Driving some of the civilian aerospace growth is Boeing's new 787 Dreamliner, the most successful program launch in history, according to Boeing. "Out of the box, before we even have an airplane built, we have more orders than for any of our other programs," says Boeing's Gunter. Boeing currently has 345 firm orders and commitments worldwide, with the airplane first scheduled to enter commercial service in 2008. "We're sold out until 2010 and 2011 is going fast. We are actually looking to see if it would be prudent to increase capacity," she says.

According to Gunter, Boeing's 787 Dreamliner will use 20 percent less fuel than today's airplanes of comparable size and will provide operators with up to 45 percent more cargo revenue capacity. Passengers will enjoy an innovative new interior environment with wider seats and aisles and larger windows, greatly improving the overall flying experience.

"The 787 has increased cargo space, and cargo on a flight can sometimes mean the difference between that flight being profitable or not," says Gunter. "The cargo market is growing faster than the passenger market, so we [now experience] stand-by cargo. The first airplane with open space gets the cargo."

AIA's Douglass is sold on the Dreamliner. "The 787 is going to be a terrific airplane; it's going to be something that the airlines are going to buy in large quantities for a number of years to come," he says. "And we're going to begin to see a burgeoning number of orders for 787s coming from our own domestic industry."

Robust defense spending in the past year has translated into record sales of military aircraft, engines, parts, and services, according to the AIA. Military aircraft sales increased seven percent to $50 billion, missile sales rose four percent to $15.3 billion, and space sales grew 3.8 percent to $37 billion.
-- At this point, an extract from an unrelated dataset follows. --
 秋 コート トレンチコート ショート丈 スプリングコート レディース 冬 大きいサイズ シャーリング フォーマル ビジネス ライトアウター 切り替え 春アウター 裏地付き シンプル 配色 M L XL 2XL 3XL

The sales for general aviation, helicopters, military aircraft, space, and related products and services are all new records.
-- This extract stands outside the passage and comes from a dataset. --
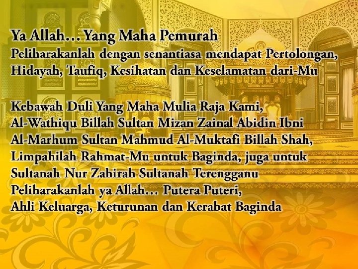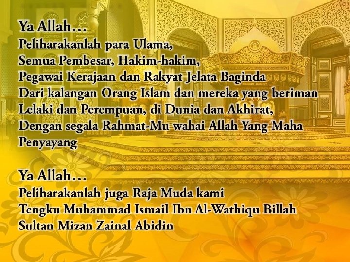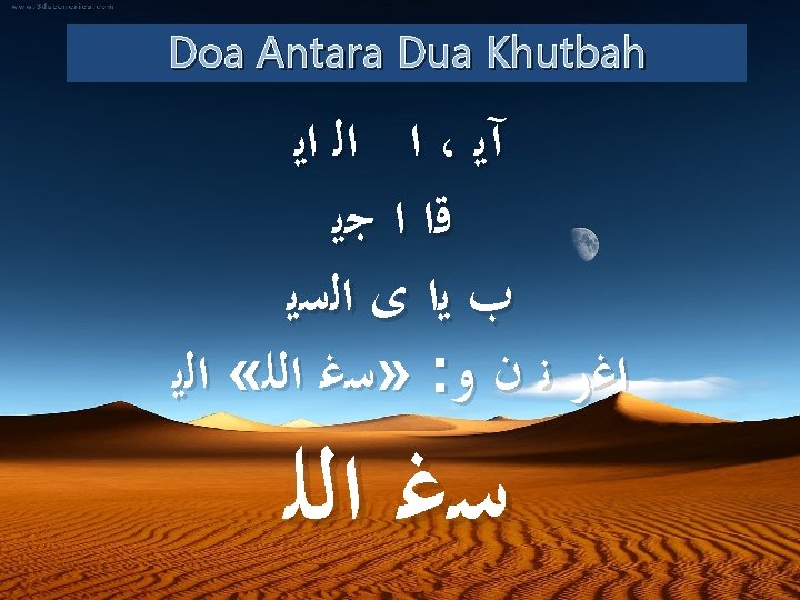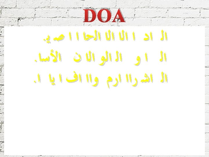 DOA ﺍﻷﺣﺍ ﻧﻡ ، ﺍﻟﺳﻳ ﺍﻟﺳﺍ ، ﺍﻟ ﺍﻏﺭ ﻟﺅﻳ ﺍﻟﺅﺍ ، ﺍﻷﻣﺍﺕ ﻳ ﻳ ﻳ ﺍﻟ ﺍ Ya Allah, ampunkanlah dosa golongan Muslimin dan Muslimat, Mukminin dan Mukminat, sama ada yang masih hidup atau yang telah meninggal dunia. Sesungguhnya Engkau Maha Mendengar dan Maha Memakbulkan segala permintaan

"This is good news for our economy," says Douglass. "Our industry is vitally important to national security, and the strong defense sales are a reflection of that fact."

He adds, "Somewhere around 40 percent of everything produced in the American aerospace and defense industry is exported outside the United States. That means good, reliable jobs for Americans, and it means that we have the ability to maintain our technological manufacturing base over the long haul."

Northrop Grumman, which has operations in all 50 states, reported revenues in 2005 at $30.7 billion and is expecting revenues of $31 billion in 2006, making it the third-largest defense contractor in the United States. The company has currently signed a $1.94 billion contract for the refueling and overhaul of the aircraft carrier USS Carl Vinson and a $3.2 billion multiyear contract with Boeing to continue as subcontractor to the F-18 Super Hornet, according to Gustav Gulmert, manager of corporate and international communications. Northrop Grumman will also be the prime contractor for the U.S. Air Force's next generation air refueling tanker.

Rockwell Collins, a worldwide leader in communication and aviation electronics for commercial and government customers, has been selected to provide training modifications and support for the Air Force's B-1B Training System. The six-year contract is worth $95 million. The U.S. Navy has also awarded Rockwell Collins the contract for its MH-60 Weapons Load Trainer (WLT) program. The program, valued at $26 million, calls for Rockwell Collins to modify an existing H-60F trainer and build four new H-60 WLTs.

Space is also playing a significant role in economic growth for the aerospace sector, according to Douglass. "We believe that there is plenty of money in the economy to meet the needs of NASA's space exploration program and support a robust aeronautics program as well," he says. Northrop Grumman has partnered with Boeing to compete against Lockheed Martin for NASA's new Crew Exploration Vehicle (CEV) contract. The program encompasses development of the CEV, two new launch vehicles, and other hardware that NASA will utilize to return to the moon by 2020. "This [program] will continue NASA's vision to get us back to the moon and potentially, in time, to Mars," says Gulmert.